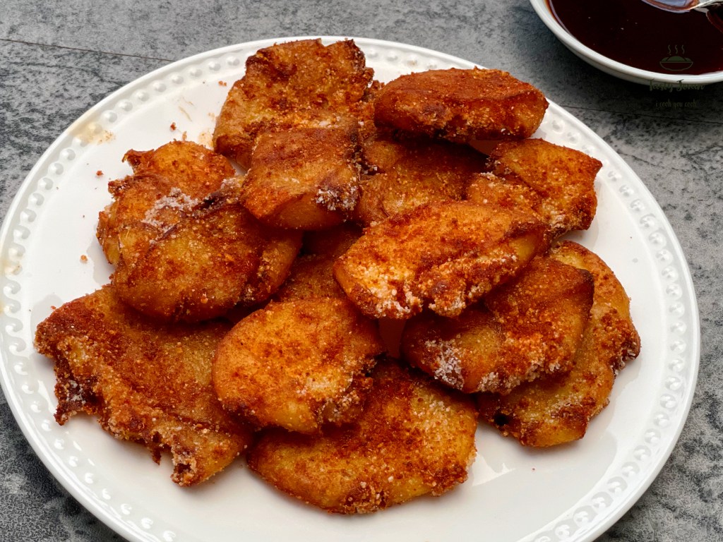 - Fry coated potatoes again till crispy, repeat for all potato pieces
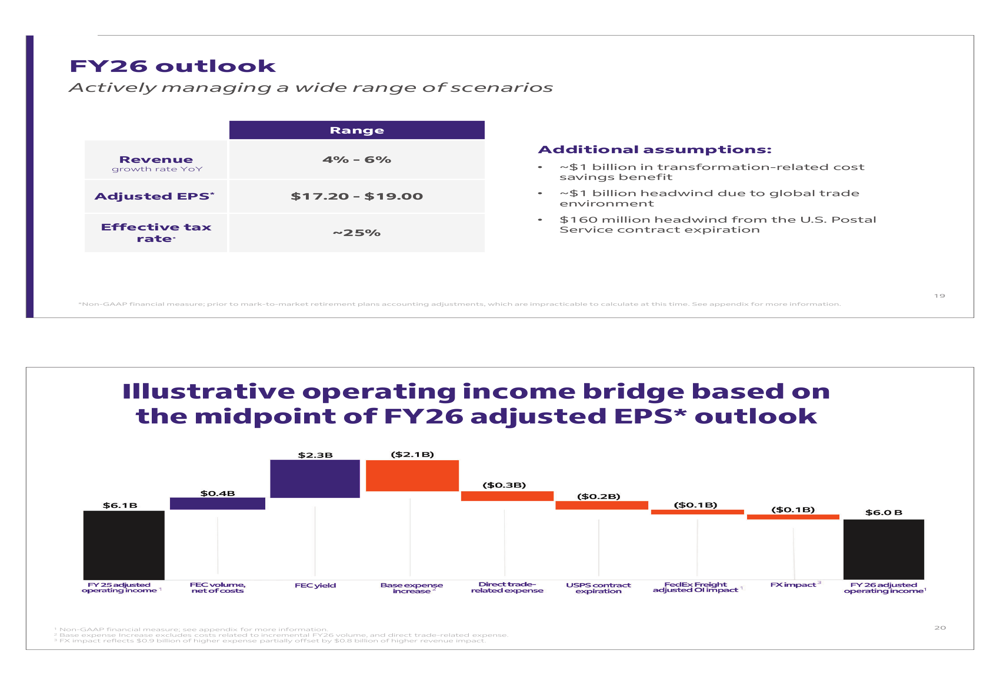 The following slide presents FedEx’s fiscal year 2026 outlook and illustrative operating income bridge:
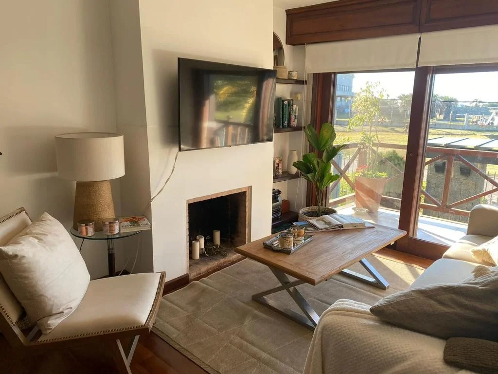 Living comedor con estufa a leña, y balcón al frente. Muebles de diseño.
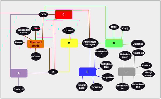 Our selection yielded a total of 34 articles (Figure 1) that specifically describe the fabrication and characterization of these materials. To organize the diverse approaches and modifications reported in these studies, we categorized the articles into seven distinct sections based on the production methods employed and the types of additives introduced into the PVA matrices. These types are named from A to F with the following categories in line: PVA-based foams (A), PVA beads with sodium alginate (B), PVA spheres via emulsification (C), PVA cubes with inorganic particles (D), PVA with other polymers (E), and PVA beads with graphene oxide (F). We made this categorization for all types of PVA-based carriers that are applicable in wastewater treatment that we found in various articles. This structured framework allows us to clearly compare and contrast the various strategies and to understand how different processing conditions and incorporated materials influence the properties of the resulting systems.
++++++++++++++++++++
What is needed:
When copying the listing above, begin at its first line and stop after the line with "Living comedor con", keeping each line exact and dropping the pictures.

Solution for this problem:
 - Fry coated potatoes again till crispy, repeat for all potato pieces
 The following slide presents FedEx’s fiscal year 2026 outlook and illustrative operating income bridge:
 Living comedor con estufa a leña, y balcón al frente. Muebles de diseño.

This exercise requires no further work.